Filtering the segment list by intersection
with specific genomic co-ordinates
It is possible to extract a specific set of segments that overlap with
one or more regions as specified in a file, e.g. that might contain
the genomic co-ordinates for genes or segmental duplications, etc. Use the command
--cnv-intersect regions.list
in addition with --cnv-list to do so. The file regions.list
should be in the following format: one range per line, whitespace-separated:
CHR Chromosome code (1-22, X, Y, XY, MT, 0)
BP1 Start of range, physical position in base units
BP2 End of range, as above
MISC Any other fields after 3rd ignored
For example,
2 30000000 35000000 REGION1
2 60000000 62000000
X 10000000 20000000 Linkage hotspot
would extract/exclude all segments that at least partially span these
three regions (5Mb and 2Mb on chromosome 2 and 10Mb on chromosome X), ignoring
the comments.
Alternatively, you can use
--cnv-exclude regions.list
to filter out a specific set of segments, i.e. any that overlap with
one or more regions specified in the file regions.list.
The basic intersection or exclusion commands will select all segments
that are at least partially in the specified region. Alternatively,
one can select only segments that have at least X percent
of them in the specified region, for example
--cnv-overlap 0.50
would only include (--cnv-intersect), or exclude (--cnv-exclude),
events that have at least 50% of their length spanned by the region.
There are two other variant forms of the overlap command, which change
the denominator in calculating the proportion overlap:
--cnv-union-overlap 0.50
which defines overlap as the ratio of the intersection and the union,
also
--cnv-region-overlap 0.50
which defines overlap as the ratio of the intersection and the length
of the region (rather than the CNV). For example,
------|-----|--------------------- Region/gene
----------+++++++++++++++--------- CNV (duplication, +)

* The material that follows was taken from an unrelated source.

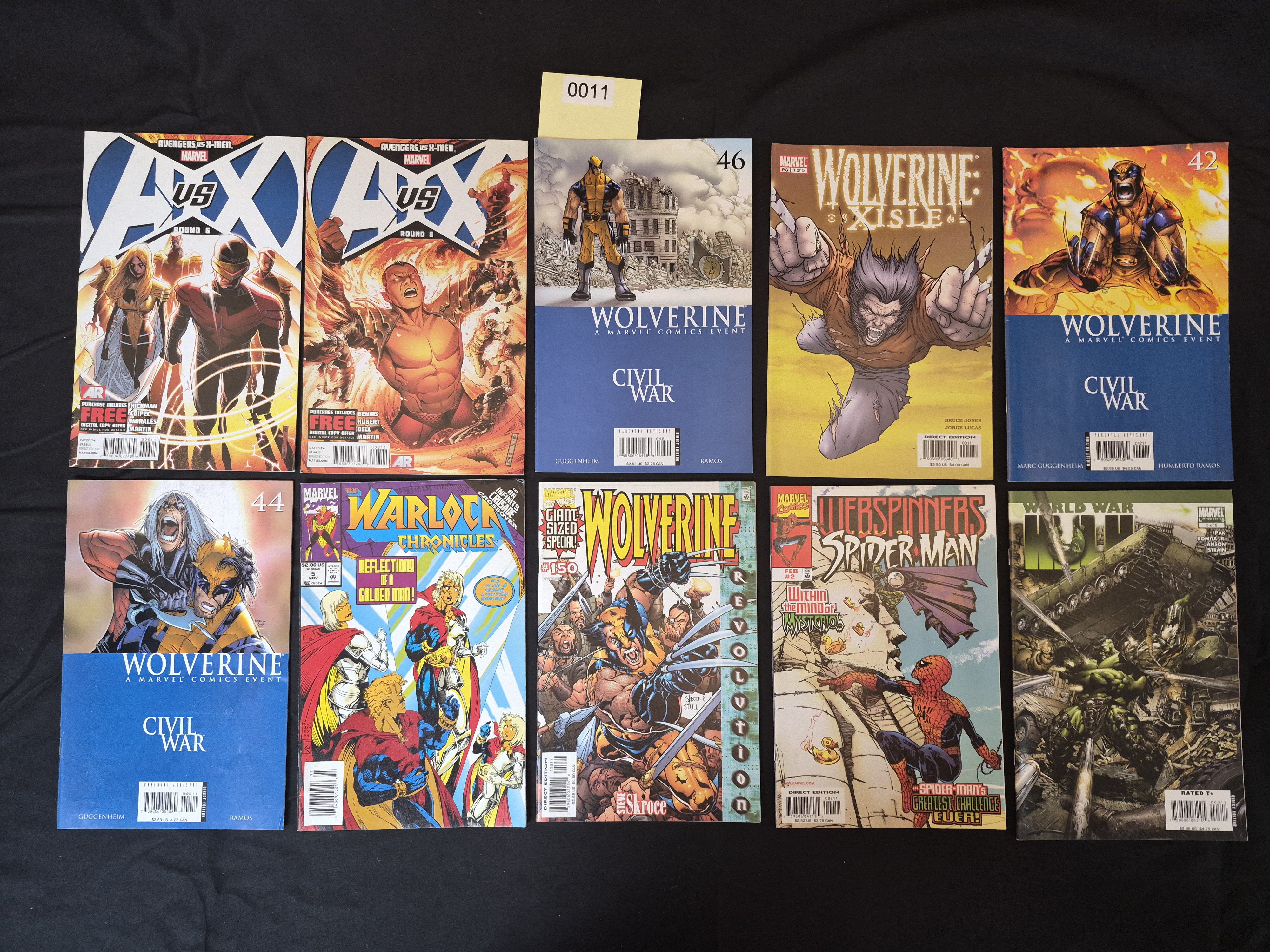 BID PER WHAT YOU SEE IN THE PHOTO, NOT THE AI GENERATED TITLES AND DESCRIPTIONS! A collection of ten Modern Age Marvel Comics periodicals, published as Direct Edition releases. The items are saddle-stitched paper periodicals with glossy covers, featuring titles focused primarily on major crossover storylines and the character Wolverine. The lot includes two issues of the *Avengers vs. X-Men* event (Rounds 6 and 8); four issues of *Wolverine*, including three Civil War tie-ins (numbers 42, 44, and 46), and a *Wolverine Giant-Sized Special* #150. Also present are *Warlock Chronicles* #5 (an Infinity Crusade crossover issue), *Webspinners: Tales of Spider-Man* #2, and *World War Hulk* (Issue 3 of 5). Cover price points displayed on the issues range from $2.00 to $3.99 US. An administrative sticker marked “0011” is affixed to the upper section of the cover of *Wolverine* #46.

----------XXX--------------------- Intersection
------XXXXXXX--------------------- Denominator for basic overlap
------XXXXXXXXXXXXXXXXXXX--------- Denominator for union overlap
----------XXXXXXXXXXXXXXX--------- Denominator for region overlap
In this example, if we take each character to represent a standard length
Default 3/7 =
Union overlap = 3 / 19
Region overlap = 3 / 15
This next example illustrates how the overlap statistics can then
subsequently be used to include or exclude specific CNVs,
------|----------|----------------
--------OOOOOOOOOOXXX------------- Selected
------------OOOOOOXXXXXXXXXXXXXX-- Not selected
i.e. the default setting is equivalent to setting
--cnv-overlap 0 (i.e. more than 0% must
overlap).
Generating lists of intersected genes or regions
With the --cnv-intersect (or --cnv-exclude) command,
you can add the flag
--cnv-report-regions
which will create a file
plink.reg
listing only the regions that intersect (or do not intersect) with any of the
CNVs.
Frequency-based inclusion and exclusion criteria
It is also possible to exclude based on the frequency of CNVs at a
particular position. This works by defining regions based on
frequency and then applying the same routines as for the
range-intersection command described above. There are various
commands: to remove segments that map to regions with more than 10
segments
--cnv-freq-exclude-above 10
to remove any segments that only have at most 4 copies
--cnv-freq-exclude-below 5
to remove any segments not in regions with exactly 5 copies
--cnv-freq-exclude-exact 5
and correspondingly
--cnv-freq-include-exact 5
or to keep only segments that are unique to either cases or to controls
--cnv-unique
This third option (--cnv-unique) can be used in conjunction
with either of the first two. As with the earlier range intersection
commands, the definition of intersection can be soft, specified
with the --cnv-overlap option. In most cases here, one might want
to specify --cnv-overlap 0.5 to avoid removing too many segments.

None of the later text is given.